Software implementation
All methods were implemented originally in MATLAB Version 2008a. The methods for period estimation and significance testing were then independently implemented in Python and Pyrex, a language that generates C-code which is compiled into dynamically loaded Python extensions. The compiled versions substantially improve compute performance. The source code has been contributed to the open sourced genome biology toolkit PyCogent [43] and is available from the subversion repository. All genomic analyses were conducted using the Python implementation. All scripts used are available on request from the authors.
Biological data
Yeast genome sequence coordinates for nucleosome associated DNA were obtained from Lee et al [37], whose procedure we briefly summarise. This data set was generated by analysis of a micrococcal nuclease (MNase) digestion of whole yeast genomic chromatin that had been subjected to cross-linking of histones to DNA. The resulting purified DNA fragments were then hybridized to an Affymetrix probe array with a 4 bp resolution.

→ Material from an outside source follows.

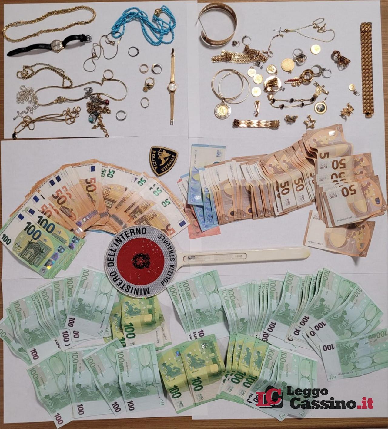 I Poliziotti della Stradale a questo punto decidevano di effettuare una perquisizione personale e del veicolo su cui viaggiava; l’intuito dei “centauri della stradale” si rilevava corretto in quanto all’interno del mezzo venivano rinvenuti numerosissimi monili in oro, ben nascosti e negli slip veniva rinvenuto un calzino con all’interno diversi gioielli e denaro contante pari a 15.350 euro.

A Hidden Markov Model was used for detecting regions corresponding to 'well-positioned', defined as spanning 31-38 probes, or 'fuzzy', defined as spanning 39 probes, nucleosomes. Linker regions were defined as those spanning between identified nucleosome positions. Coordinates for the well-positioned, fuzzy and linker regions were downloaded from http://chemogenomics.stanford.edu/supplements/03nuc/datasets.html (dataset S5). Since these regions differed in length, and statistical power of the period estimation methods are sensitive to length, we modified these sequence coordinates such that sequence fragments from each class were all exactly 150 bp long. Specifically, the sequence coordinates from Lee et al were adjusted by equivalent symmetric expansion (in the 5' and 3' directions) until the coordinates were exactly 150 bp long. Only sequence coordinates that were independent (did not overlap with any other coordinates) were used. The genomic sequences corresponding to these coordinates were downloaded from http://www.ebi.ac.uk/~huber/yetia/yetiadata/SGD-0508/ The total number of sequences in each class were: 31557 well-positioned nucleosomes; 41770 fuzzy nucleosomes; and 10465 linker regions. Mouse genomic sequences were obtained from Ensembl release 58.